From 28c94770adfcb9cfbc78a3221f915bfc830c6582 Mon Sep 17 00:00:00 2001
From: roikoren755 <26850796+roikoren755@users.noreply.github.com>
Date: Tue, 6 Jan 2026 18:00:40 +0200
Subject: [PATCH] [NemotronH] Use ReplicatedLinear for fc1_latent_proj (#31807)

Signed-off-by: Roi Koren <roik@nvidia.com>
---
 vllm/model_executor/models/nemotron_h.py | 6 +-----
 1 file changed, 1 insertion(+), 5 deletions(-)

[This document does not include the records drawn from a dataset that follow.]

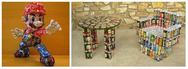 Uno scultore è riuscito a creare delle statue in miniatura che ripropongono i personaggi di Star Wars, Batman, Super Mario Bross, Toy Story e di tanti altri personaggi di cartoni animati o del mondo della fantascienza o del mondo animale. Nella collezione non mancano quadri realizzati con la stessa modalità. Le sue idee possono essere facilmente imitabili. Si tratta di raccogliere lattine, schiacciarle o aprirle, tagliarle come se fosse carta.
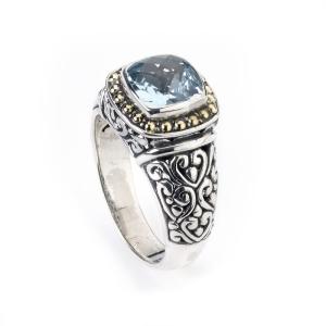 Sterling Silver and 18K Ring W/ Blue Topaz And Swirl Design
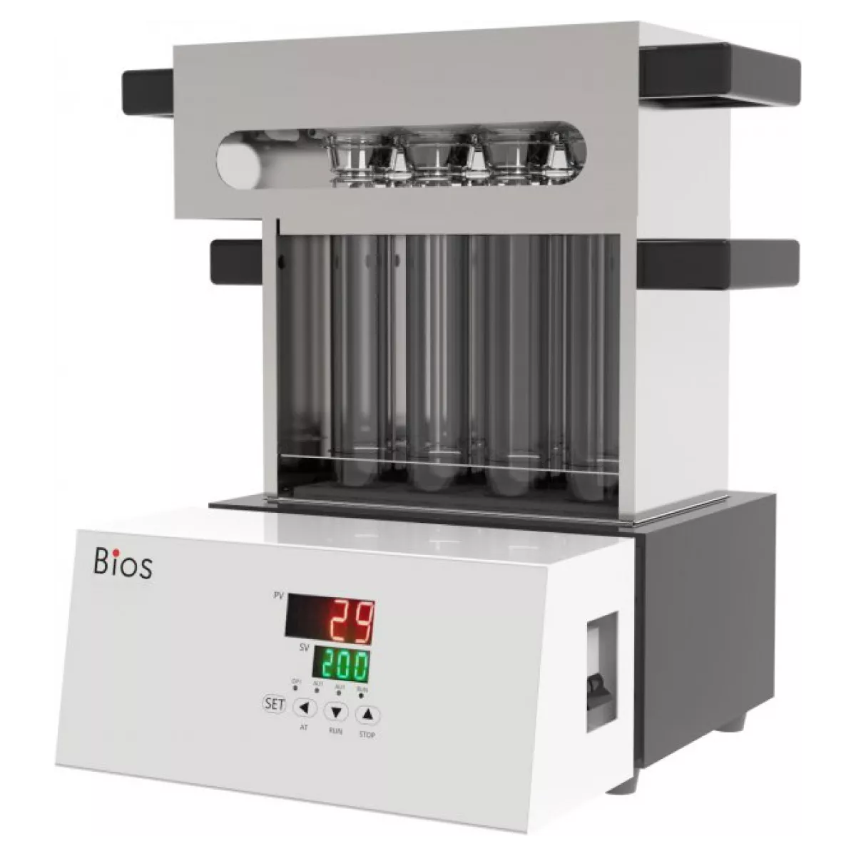Дигестор (термореактор) полуавтоматический SPD108G, Bios – установка минерализации, печь мокрого озоления. Применяется в аналитических лабораториях фармацевтической, пищевой и других отраслей для разложения (озоления) органики. Основной метод, в котором используются дигесторы – анализ по Кьельдалю. В ходе этого испытания для количественного определения белка требуется сжигание образцов в серной кислоте. Поэтому основная задача дигестора - отведение испарений серной кислоты, являющихся опасными для дыхательных путей. Для этой цели каждая модель должна быть оснащена коллектором для отвода паров – скруббером.
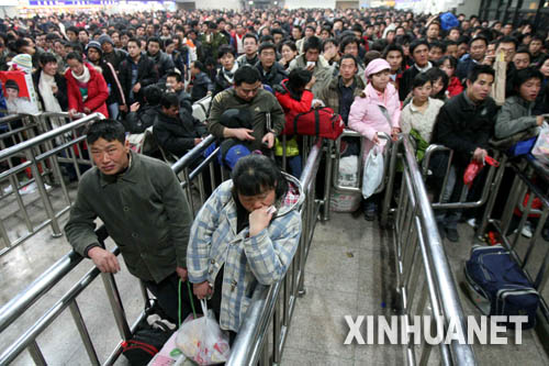 在鐵道部春運辦重點站區實時監控錄像中記者看到,北京西、漢口、西安等站人潮如織。據鐵路部門分析,目前春運鐵路客流暴漲的原因主要有三個方面。
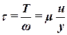 Касательные напряжения имеют размерность давления (Па). Тогда закон Ньютона внутреннего трения в жидкости запишется
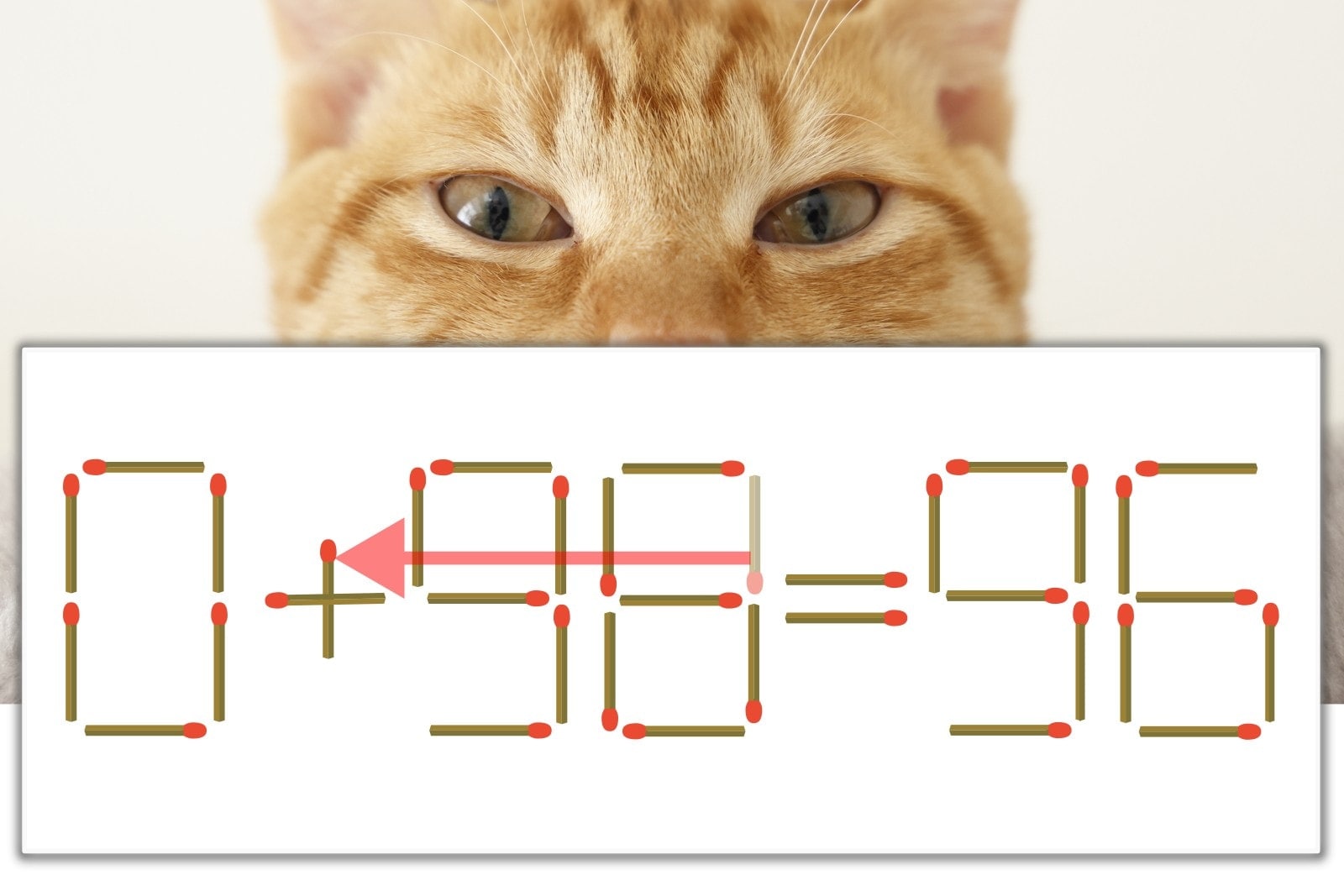 「8」を別の数字に変化させると答えが導き出せます。「8」のマッチ棒を1本移動して、「-」を「+」にしてみましょう。すると、「0+96=96」が成立します。

diff --git a/vllm/model_executor/models/nemotron_h.py b/vllm/model_executor/models/nemotron_h.py
index 8bc9ce615..c0fe39427 100644
--- a/vllm/model_executor/models/nemotron_h.py
+++ b/vllm/model_executor/models/nemotron_h.py
@@ -210,16 +210,12 @@ class NemotronHMoE(nn.Module):
         )
 
         if self.use_latent_moe:
-            # TODO: check if using ReplicatedLinear is better than
-            # ColumnParallelLinear + all_gather
-            self.fc1_latent_proj = ColumnParallelLinear(
+            self.fc1_latent_proj = ReplicatedLinear(
                 input_size=config.hidden_size,
                 output_size=self.moe_hidden_size,
                 bias=config.mlp_bias,
                 quant_config=quant_config,
                 disable_tp=self.is_sequence_parallel,
-                # We need to gather the output to prepare input for moe
-                gather_output=True,
                 prefix=f"{prefix}.fc1_latent_proj",
             )
             self.fc2_latent_proj = ReplicatedLinear(